Take, for example, the work of Melodie Putnam, director of OSU’s Plant Clinic.  

The Plant Clinic has been described by some as the “Center for Disease Control and Prevention (CDC) of plants.” As its director, Putnam specializes in the diagnosis of diseases and disorders in plants.  

“We solve mysteries,” Putnam said, summarizing the clinic’s work. “When commercial growers, or the people who work for them have problems with their plants, and they don’t know what the problem is, they send the plants to us.” 

Associated with the National Plant Diagnostic Network, the OSU Plant Clinic is home to catalogues of diagnostic information and disease data that are continually mined for epidemiological information.  

This clearinghouse of data is used to identify trends to help predict the behavior of pathogens. Hearing Putnam talk about the Plant Clinic, one can’t help but see similarities between her work with plants and current conversations dominating the public sphere around our evolving understanding of the behavior of the virus that causes COVID-19.  

We wondered if in fact there were conversations happening with scientists who studied different species of both plants and animals and how pathogens interact with them.  

Enter Dr. Valerian Dolja, a professor in the Department of Botany and Plant Pathology who focuses on plant cell biology, virology and biotechnology.

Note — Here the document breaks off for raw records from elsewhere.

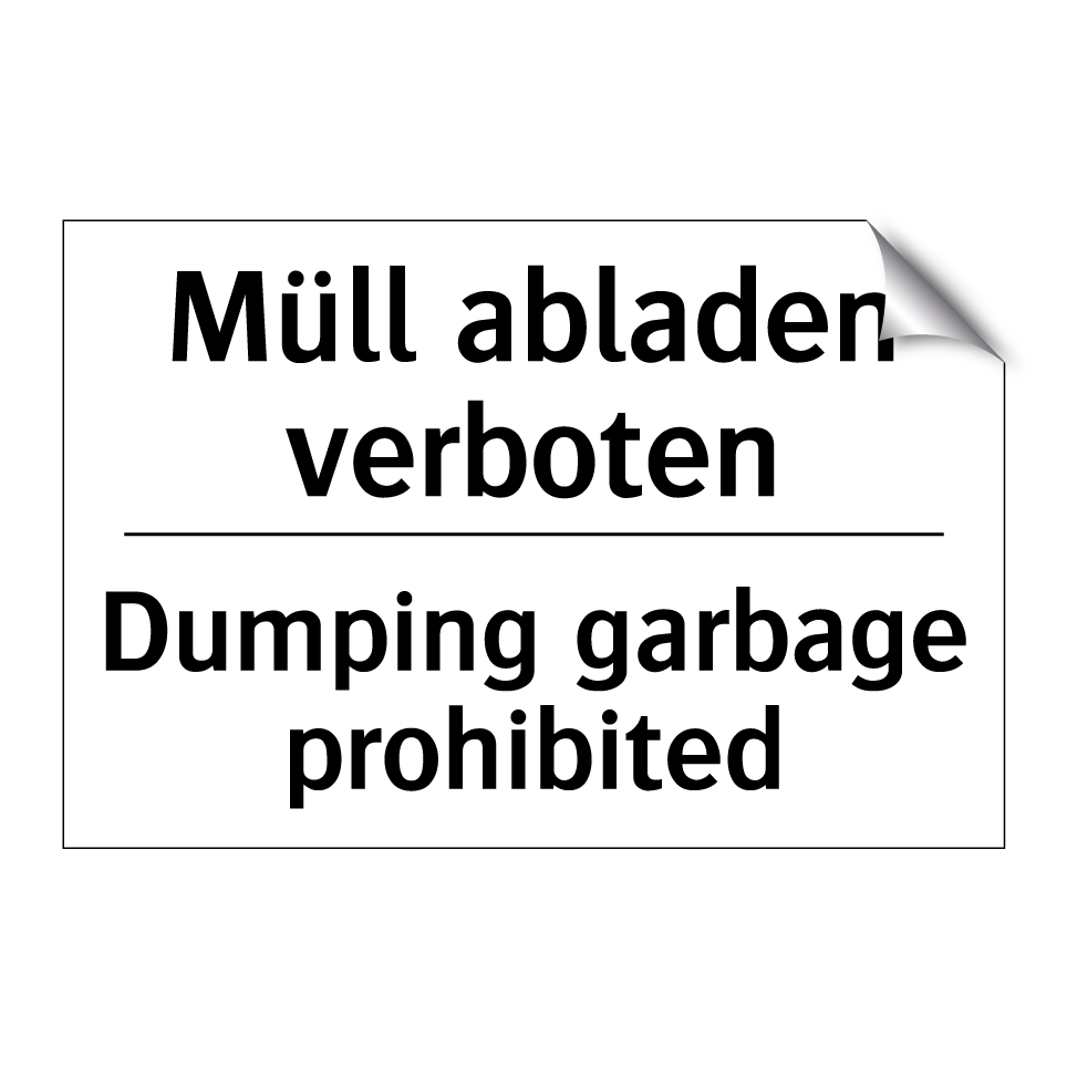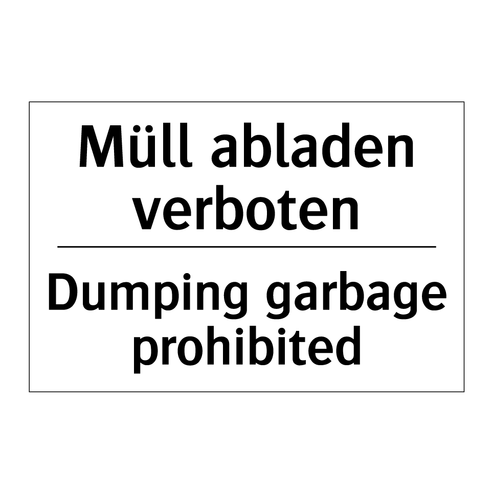 Zweisprachiges Verbotsschild mit deutschem Text Müll abladen verboten und englischem Text Dumping garbage prohibited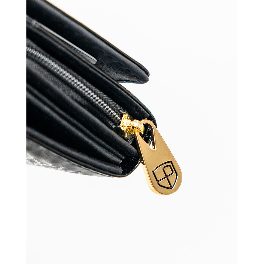 - Model został wyposażony w 3 pojemne przegrody na banknoty, co umożliwia łatwe sortowanie gotówki - na przykład według walut, nominałów lub celów wydatkowych.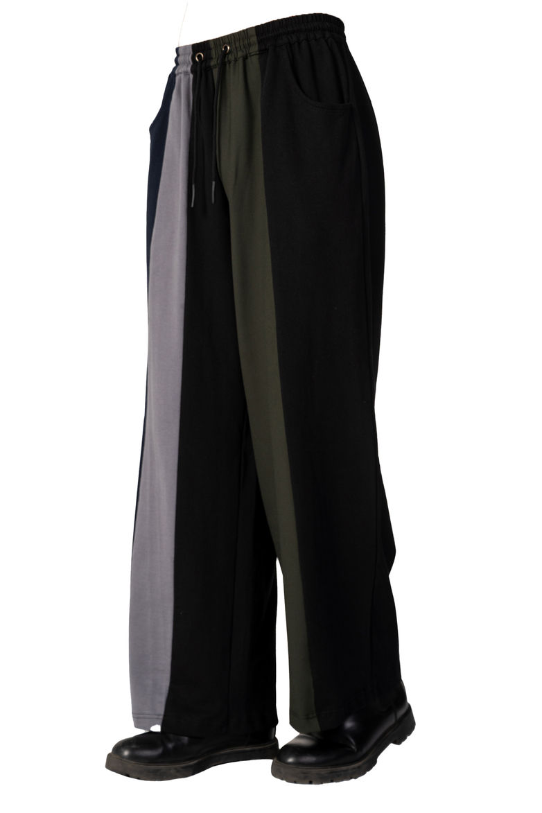 The Median Tracks feature tonal panels of navy, grey, olive, and black running vertically like the painted medians that guide city movement but often go unseen. Wide-legged with a relaxed silhouette, these pants reflect the collection’s core idea: finding rhythm and beauty in the overlooked. Made for everyday ease, designed to interrupt the ordinary.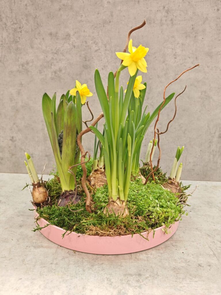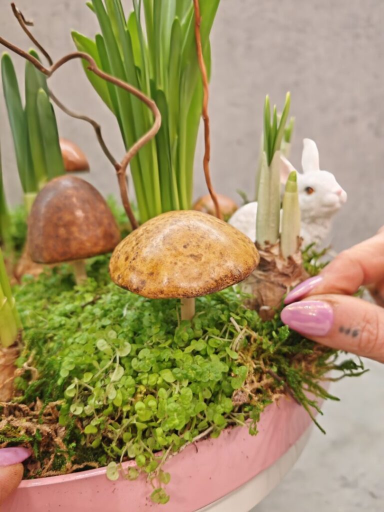Táto jarná dekorácia na podnose z dielne floristky Niny Bročkovej z veľkoobchodu CUREL zaujme svojou hravou kombináciou Narcissus a Muscari, bielych zajačikov a machu, ktorý vytvára dojem rozprávkovej lúky. Medzi rastlinami sa nachádzajú aj jemné detaily, ako malé huby a zakrivené vetvičky Salix erythroflexuosa, ktoré aranžmánu dodávajú hĺbku a navodzujú prirodzený, lesný nádych. Celkový efekt pôsobí sviežo, hravo a harmonicky.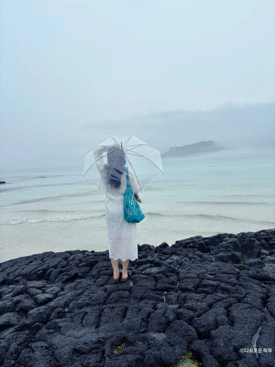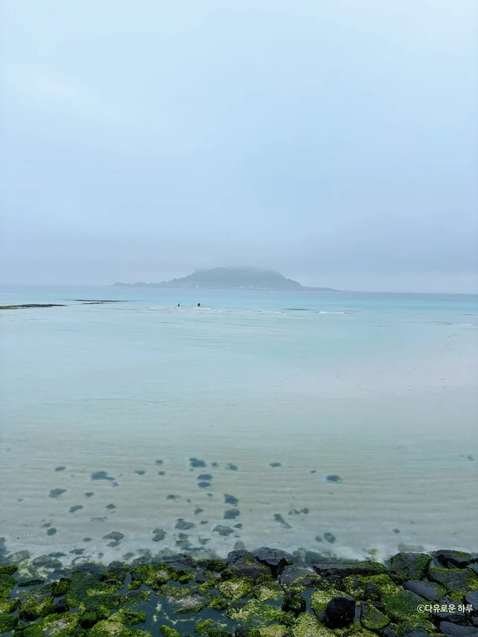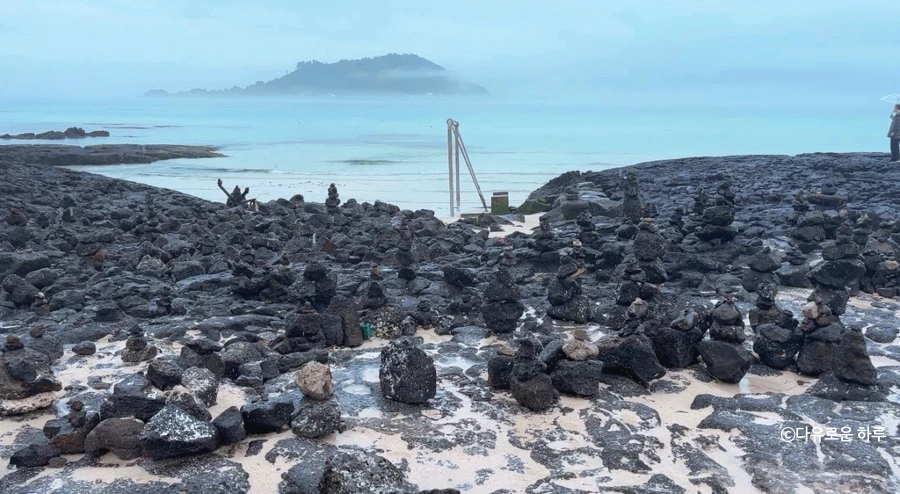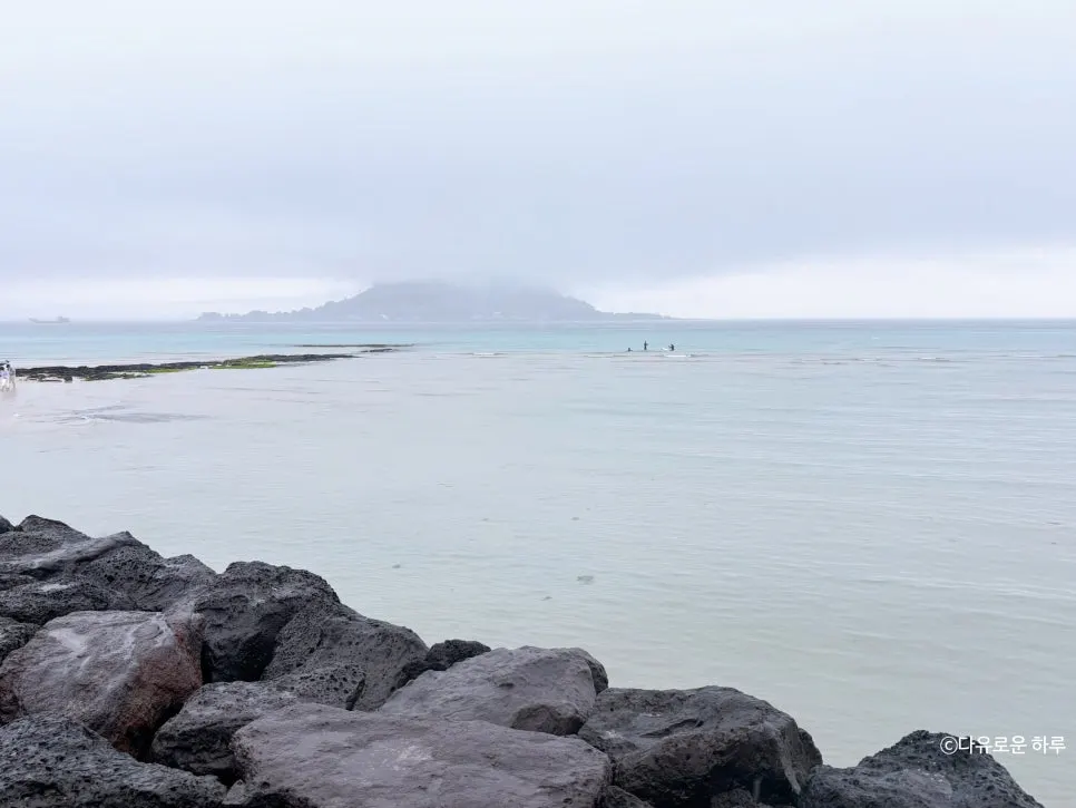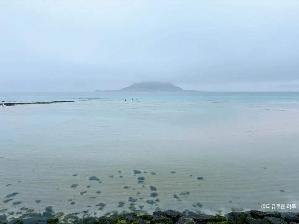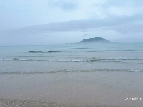 잔잔한 파도 소리, 흐린 하늘, 그리고 비 오는 날의 제주 바다

This includes comparative genomics and the evolution of viruses.  

Seizing the opportunity to relate his classes to current events, Dolja is already teaching courses that explore how plants could potentially produce a vaccine for viruses such as the novel coronavirus that causes COVID-19.  

“We use real experiences with plant biotechnology so that students can learn about the virus with the goal to unlock the possibility of designing ways to make plants produce a vaccine, Dolja said.  

Valerian Dolja holding plant in a greenhouse

While theoretical in nature, it is based on science in viral taxonomy—the process of identifying viruses and placing them into a “taxa” or particular species using a common system.  

Dolja further explained the unique nature of viruses and why it has been historically such a fragmented process to understand how they behave across plants, humans, and animals.  

“All life is related except for viruses. The protein-making machinery, DNA, unifies all cells of different kinds. From small parasites to elephants, we all share something. We can put together a tree of life. But that’s just not the case for viruses. Some viruses have nothing in common.”  

Wait, what?  

Viruses are microscopic parasites. Unlike other biological species, they cannot thrive and reproduce outside of a host body.  

According to a 2008 Scientific American article titled “Are viruses alive?” the author summarizes viruses as being in the “gray area between living and nonliving.”   

“Right now,” Dolja added “it’s just amazing what’s going on. There’s a flood of new viruses being identified. Now the goal is to understand all of that. And the view of how we understand the virus world is changing. Until recently, we have lacked a comprehensive understanding of the virus world.” 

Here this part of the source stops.